Effects of aging on influenza virus infection dynamics

Abstract

The consequences of influenza virus infection are generally more severe in individuals over 65 years of age (the elderly). Immunosenescence enhances the susceptibility to viral infections and renders vaccination less effective. Understanding age-related changes in the immune system is crucial in order to design prophylactic and immunomodulatory strategies to reduce morbidity and mortality in the elderly. Here, we propose different mathematical models to provide a quantitative understanding of the immune strategies in the course of influenza virus infection using experimental data from young and aged mice. Simulation results suggested a central role of CD8(+) T cells for adequate viral clearance kinetics in young and aged mice. Adding the removal of infected cells by natural killer cells did not improve the model fit in either young or aged animals. We separately examined the infection-resistant state of cells promoted by the cytokines alpha/beta interferon (IFN-α/β), IFN-γ, and tumor necrosis factor alpha (TNF-α). The combination of activated CD8(+) T cells with any of the cytokines provided the best fits in young and aged animals. During the first 3 days after infection, the basic reproductive number for aged mice was 1.5-fold lower than that for young mice (P < 0.05).

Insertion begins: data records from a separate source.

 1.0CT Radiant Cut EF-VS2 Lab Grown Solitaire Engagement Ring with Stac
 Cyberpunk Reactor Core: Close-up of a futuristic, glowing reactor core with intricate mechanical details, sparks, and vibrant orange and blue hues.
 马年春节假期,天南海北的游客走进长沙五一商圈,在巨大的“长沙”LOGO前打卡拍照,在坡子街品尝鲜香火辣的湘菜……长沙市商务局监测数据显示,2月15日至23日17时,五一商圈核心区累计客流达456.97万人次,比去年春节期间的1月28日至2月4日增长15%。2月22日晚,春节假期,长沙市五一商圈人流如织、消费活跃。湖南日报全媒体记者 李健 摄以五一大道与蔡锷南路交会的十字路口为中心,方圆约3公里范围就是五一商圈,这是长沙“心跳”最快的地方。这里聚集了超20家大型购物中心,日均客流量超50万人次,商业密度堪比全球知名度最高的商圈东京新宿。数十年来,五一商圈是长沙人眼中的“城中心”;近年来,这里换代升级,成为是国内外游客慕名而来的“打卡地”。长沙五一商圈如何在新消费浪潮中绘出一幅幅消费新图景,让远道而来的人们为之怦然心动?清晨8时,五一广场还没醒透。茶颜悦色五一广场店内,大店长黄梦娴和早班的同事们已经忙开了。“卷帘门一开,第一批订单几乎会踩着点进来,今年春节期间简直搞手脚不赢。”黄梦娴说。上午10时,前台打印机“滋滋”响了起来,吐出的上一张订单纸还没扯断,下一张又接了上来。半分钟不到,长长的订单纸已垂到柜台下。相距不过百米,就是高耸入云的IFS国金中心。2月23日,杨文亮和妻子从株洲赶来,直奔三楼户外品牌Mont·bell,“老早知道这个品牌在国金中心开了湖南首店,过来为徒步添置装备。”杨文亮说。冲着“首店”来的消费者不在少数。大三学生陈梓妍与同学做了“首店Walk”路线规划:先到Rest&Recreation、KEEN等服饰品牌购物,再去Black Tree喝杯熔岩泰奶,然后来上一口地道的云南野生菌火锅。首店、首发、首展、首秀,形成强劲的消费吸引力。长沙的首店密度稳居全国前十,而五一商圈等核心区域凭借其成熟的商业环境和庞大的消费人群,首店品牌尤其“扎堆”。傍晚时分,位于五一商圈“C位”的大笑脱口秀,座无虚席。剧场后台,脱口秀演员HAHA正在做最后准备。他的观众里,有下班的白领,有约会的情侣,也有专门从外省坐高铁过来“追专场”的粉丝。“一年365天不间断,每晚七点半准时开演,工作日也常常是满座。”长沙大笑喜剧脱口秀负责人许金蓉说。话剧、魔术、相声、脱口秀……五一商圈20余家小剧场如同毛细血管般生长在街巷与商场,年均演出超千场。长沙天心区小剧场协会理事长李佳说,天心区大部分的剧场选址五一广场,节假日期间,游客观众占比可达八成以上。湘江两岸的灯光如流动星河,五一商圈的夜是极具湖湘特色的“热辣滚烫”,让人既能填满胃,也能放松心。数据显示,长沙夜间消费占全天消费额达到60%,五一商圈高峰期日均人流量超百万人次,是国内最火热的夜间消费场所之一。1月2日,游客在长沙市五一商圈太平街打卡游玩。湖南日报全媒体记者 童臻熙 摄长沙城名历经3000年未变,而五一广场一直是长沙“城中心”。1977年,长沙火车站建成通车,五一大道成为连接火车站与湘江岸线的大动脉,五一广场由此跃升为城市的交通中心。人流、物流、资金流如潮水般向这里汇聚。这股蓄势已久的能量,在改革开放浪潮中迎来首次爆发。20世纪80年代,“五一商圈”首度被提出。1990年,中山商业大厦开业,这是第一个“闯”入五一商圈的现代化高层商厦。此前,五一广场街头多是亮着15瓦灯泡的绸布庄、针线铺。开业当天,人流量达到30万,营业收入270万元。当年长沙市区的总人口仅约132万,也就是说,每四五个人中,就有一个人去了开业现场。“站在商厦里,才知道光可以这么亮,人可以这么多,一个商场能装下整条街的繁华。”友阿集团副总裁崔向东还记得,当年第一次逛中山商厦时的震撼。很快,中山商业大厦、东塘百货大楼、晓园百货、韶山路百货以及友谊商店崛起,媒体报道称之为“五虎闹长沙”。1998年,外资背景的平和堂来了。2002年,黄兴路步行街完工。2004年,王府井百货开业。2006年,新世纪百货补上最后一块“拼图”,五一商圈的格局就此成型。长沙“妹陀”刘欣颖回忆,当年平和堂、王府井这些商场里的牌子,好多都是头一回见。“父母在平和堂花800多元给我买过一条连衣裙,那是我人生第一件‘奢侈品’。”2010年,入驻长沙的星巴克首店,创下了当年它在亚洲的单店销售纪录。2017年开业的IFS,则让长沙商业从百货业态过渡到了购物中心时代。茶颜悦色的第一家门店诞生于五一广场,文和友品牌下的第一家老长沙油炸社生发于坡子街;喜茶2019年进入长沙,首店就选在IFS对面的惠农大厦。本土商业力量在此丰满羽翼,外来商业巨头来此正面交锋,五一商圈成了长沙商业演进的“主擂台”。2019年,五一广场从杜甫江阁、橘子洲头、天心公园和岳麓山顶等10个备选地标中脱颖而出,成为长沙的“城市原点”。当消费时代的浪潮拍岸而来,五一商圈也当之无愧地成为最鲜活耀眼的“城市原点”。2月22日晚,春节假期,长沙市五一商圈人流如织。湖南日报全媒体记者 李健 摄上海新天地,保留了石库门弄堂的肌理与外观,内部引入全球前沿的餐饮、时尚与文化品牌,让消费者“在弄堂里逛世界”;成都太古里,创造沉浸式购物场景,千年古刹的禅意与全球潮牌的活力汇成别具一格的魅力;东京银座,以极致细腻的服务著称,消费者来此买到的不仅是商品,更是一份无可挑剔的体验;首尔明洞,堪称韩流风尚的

Importance: The fits of our models to the experimental data suggest that the increased levels of IFN-α/β, IFN-γ, and TNF-α (the "inflammaging" state) promote slower viral growth in aged mice, which consequently limits the stimulation of immune cells and contributes to the reported impaired responses in the elderly. A quantitative understanding of influenza virus pathogenesis and its shift in the elderly is the key contribution of this work.

FIG 1

NK cell and CD8⁺ T cell levels. (a) NK cell infiltration in the lungs of young and aged mice; (b) CD8⁺ T cell infiltration in the lungs of young and aged mice; (c) percentage of activated NK cells (CD3⁻, CD19⁻, and DX5⁺) determined by the expression of the activation marker CD69⁺; (d) percentage of activated CD8⁺ T cells (CD3⁺, CD4⁻, and CD8⁺) determined by the expression of the activation marker CD69⁺. Asterisks indicate statistically significant differences between aged and young animals: *, P < 0.05; **, P < 0.01; ***, P < 0.001. Data are reproduced from reference .

FIG 2

Cytokine levels in the supernatants of lung homogenates. The time course of IFN-α (a), IFN-β (b), IFN-γ (c), and TNF-α (d) concentrations is shown. Asterisks indicate statistically significant differences between aged and young animals: *, P < 0.05; **, P < 0.01; ***, P < 0.001. Data for IFN-γ and TNF are reproduced from reference . Data for IFN-α and IFN-β are newly unpublished.

FIG 3

Schematic representation of the influenza virus infection model and immune strategies. Epithelial cells are considered in one of the following states: susceptible (U), infected (I), and refractory (R). Infected cells produce virus particles (V) that infect other susceptible cells. Activated CD8⁺ T cells (T) and activated NK cells (K) kill infected cells. IFN-α (F_α), IFN-β (F_β), IFN-γ (F_γ), and TNF-α (F_TNF) can promote the state of resistance to infection in epithelial cells.

FIG 4

Model fitting for young and aged mice. Viral titer data from reference and simulation results for young mice (a) and aged mice (b) are shown. Experimental results show that the viral titer was not detectable (less than 50 PFU/ml, shown with a horizontal dashed line) at day 9 for 6 young mice and at day 11 for 6 aged mice. Asterisks indicate statistically significant differences between aged and young animals: *, P < 0.05; ***, P < 0.001.

FIG 5

Cell fraction mean from bootstrap fits of model M7. Further details of the cell distribution can be found in Fig. SC.1 to SC.4 in the supplemental material.

FIG 6

Parameter distribution from bootstrap fits of model M7. Asterisks indicate statistically significant differences between aged and young animals: *, P < 0.05.

FIG 7

Parameter ensembles from bootstrap fit of model M7.

FIG 8

Mean basic reproductive number (R_N) from bootstrap fits of model M7. Further details of the distribution can be found in Fig. SC.4 in the supplemental material. Asterisks indicate statistically significant differences between aged and young animals: *, P < 0.05.